Putting a little more power in a $15.00 Daisy

Hello,

New to the thread. I purchased my first Red Ryder a few days ago and got busy with refinishing the stock/forearm, removed the anti bear trap, swapped trigger springs to lighten the pull, and ordered a 7/64” drill to drill out the air tube.

The one thing I’m not crazy about is the plastic trigger. Seems like a weak point. Does anyone know if it is possible to swap in one of the older stamped metal triggers? I seen a video where there was a spring inserted into the stock of the gun to reset the older style triggers which I am ok with adding if it will make it work. I just didn’t know if the rest of the components would still mesh together.

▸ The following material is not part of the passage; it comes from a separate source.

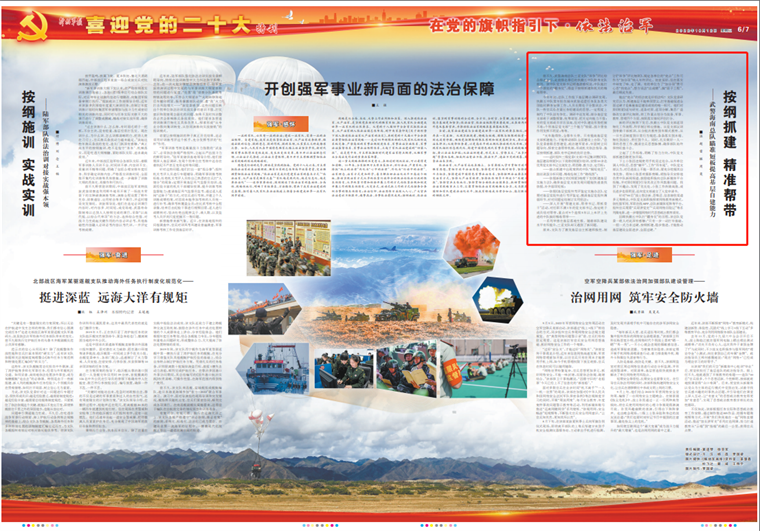 前不久,武警海南總隊三亞支隊“雙爭”評比綜合排名公示,此前排名靠后的執(zhí)勤五中隊躋身支隊前列。該中隊黨支部書記胡逸湛感嘆說,中隊能打一個漂亮的“翻身仗”,得益于按綱抓建和機關的精準幫帶。

If so, what will the trigger pull be like? Is it worth doing or is the plastic trigger stronger than I think?

Thanks for the help!
 
The high performance spring I made won't break the plastic trigger. More plastic triggers get damaged by being installed incorrectly than any other reason.

The problem with using a Daisy 1-piece steel trigger is the trigger holes in the guns are in different spots, and the new style rear plunger tube plate is angled, not
straight up and down.

PLUNGER  STEEL TRIGGER tube over modular tube.jpg

Terry Cowger who is a very talented craftsman came up with a 1-piece metal replacement, this trigger is below. You can read
more about it, it's a ways back from here so you'll need to search to find it.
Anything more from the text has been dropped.